Steinley emphasized the importance of a strong consumer appeals processes, encouraging all member agencies of the ASC to support protocols like the Department of Veterans Affairs’
Tidewater Initiative, which is used in VA transactions when the appraised value of a home falls below its contract purchase price.
The Appraisal Institute along with ASA, ASFRMA and MBREA submitted on Feb. 2 a
comment letter to the Federal Housing Administration in response to a draft
Mortgagee Letter from the Department of Housing and Urban Development that establishes a process for underwriters when a borrower requests a review of an appraisal associated with an FHA-insured mortgage application.
The organizations noted in the letter that a well-developed Reconsideration of Value process “can be beneficial to borrowers, underwriters and appraisers in ensuring fair and accurate appraisals in connection with FHA-guaranteed loans.” It was recommended that HUD consider the Department of Veterans Affairs’ Tidewater Initiative as both a template for new policy and as a means for aligning the agencies as closely as possible so participating mortgage lenders have generally consistent protocols and procedures.
The organizations also emphasized that clear guidance must be given to underwriters regarding the circumstances under which a ROV request should be forwarded to an appraiser. They stated, “Absent meaningful guidance, it is our concern that underwriters will err on the side of always forwarding reconsideration requests to the appraiser, as it will be the easiest, and less risky, option to shift borrower complaint risk to the appraiser.”
The Appraisal Institute noted in both a
comment to the IRS and in testimony before the agency that it supports the IRS’s
proposed rule to curb syndicated conservation easement transactions. However, because the IRS lumped appraisals in with other promotional or sales activity that is more applicable to non-appraisers, AI reminded the agency that “appraisers do not provide ‘advice’ as independent third parties when producing an appraisal. It is simply a value opinion.”
Additionally, AI asked that any final rule “provide(s) sufficient guidance to appraisers on the application of any material advisor requirements,” specifically stating that appraisers must identify the client and any intended users of the appraisal, which would help align the parlance of IRS rules with appraisal standards and regulation.

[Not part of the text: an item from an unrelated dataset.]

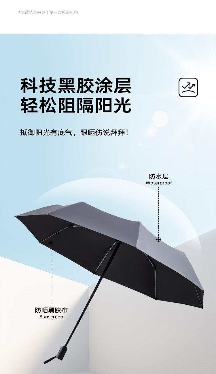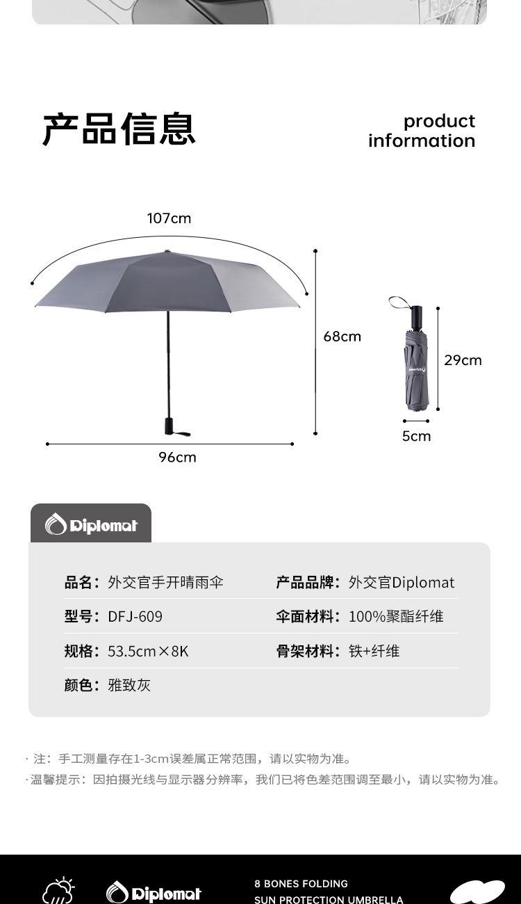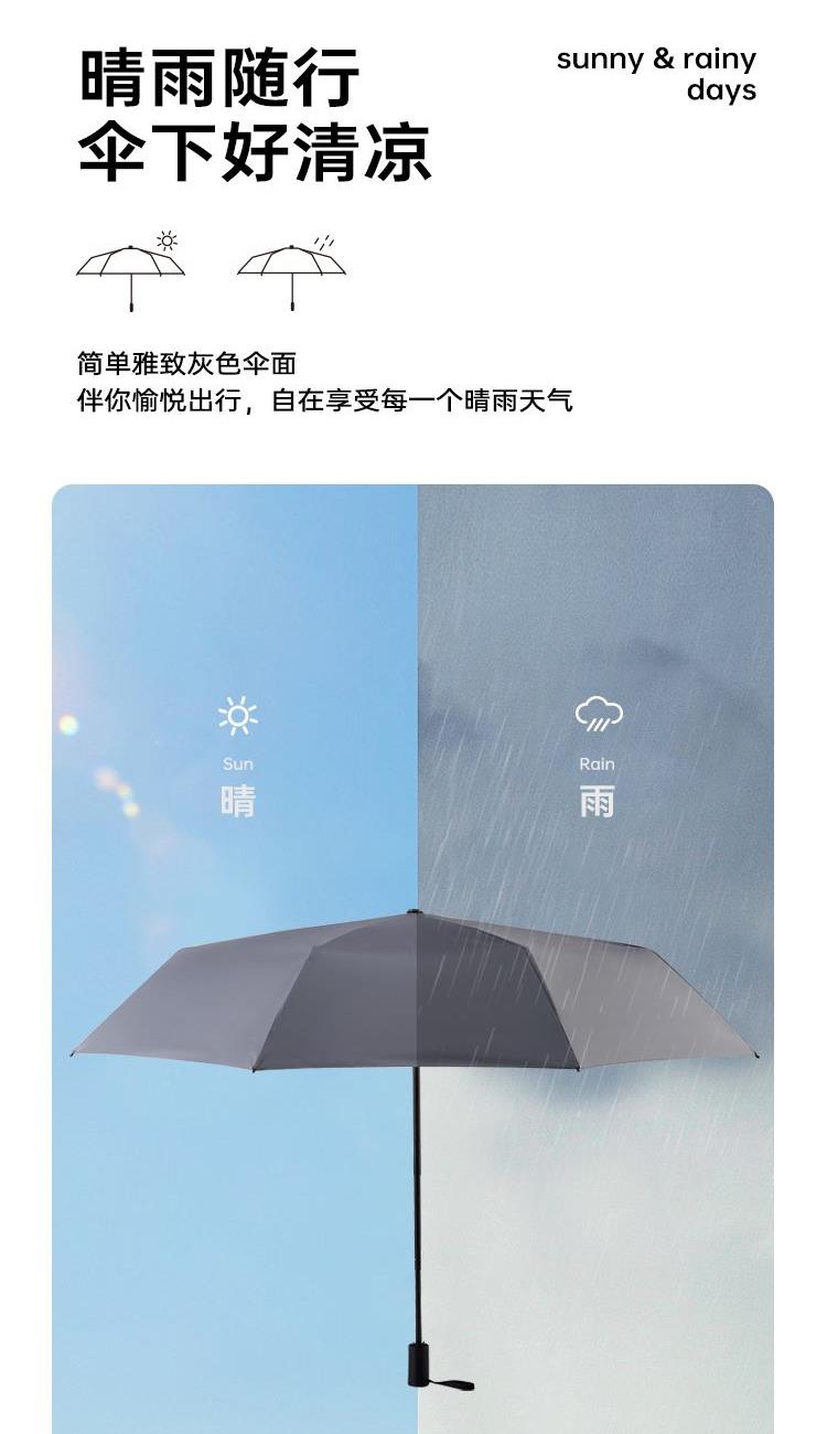 產(chǎn)品尺寸:展開53.5cmx8K 收納29cm 產(chǎn)品材質:聚酯纖維(內涂黑膠)+鐵+纖維 產(chǎn)品顏色:雅致灰 產(chǎn)品包裝:傘套+PE袋 1、升級8骨雙玻纖傘架,抗風能力加強。 2、內涂黑膠,防曬UPF50+,晴雨兩用。 3、精致握把,輕便合手,持握舒適。

The General Services Administration on March 7 issued a final rule that amends the
Federal Management Regulation, Real Estate Acquisition, by clarifying policies regarding lease agreements for high-security space in accordance with the Secure Federal Leases from Espionage And Suspicious Entanglements Act, also referred to as the Secure Federal Leases Act.
The final rule takes effect April 6 and will require the identification of all beneficial owners, meaning “any person that, through a contract, arrangement, understanding, relationship, or otherwise, exercises control over the covered entity or has a substantial interest in or receives substantial economic benefits from the assets of the covered entity, with some exceptions.”
The amended policy is a response to recently heightened national security concerns about foreign ownership and control, and congressional action in the realm of government contracting.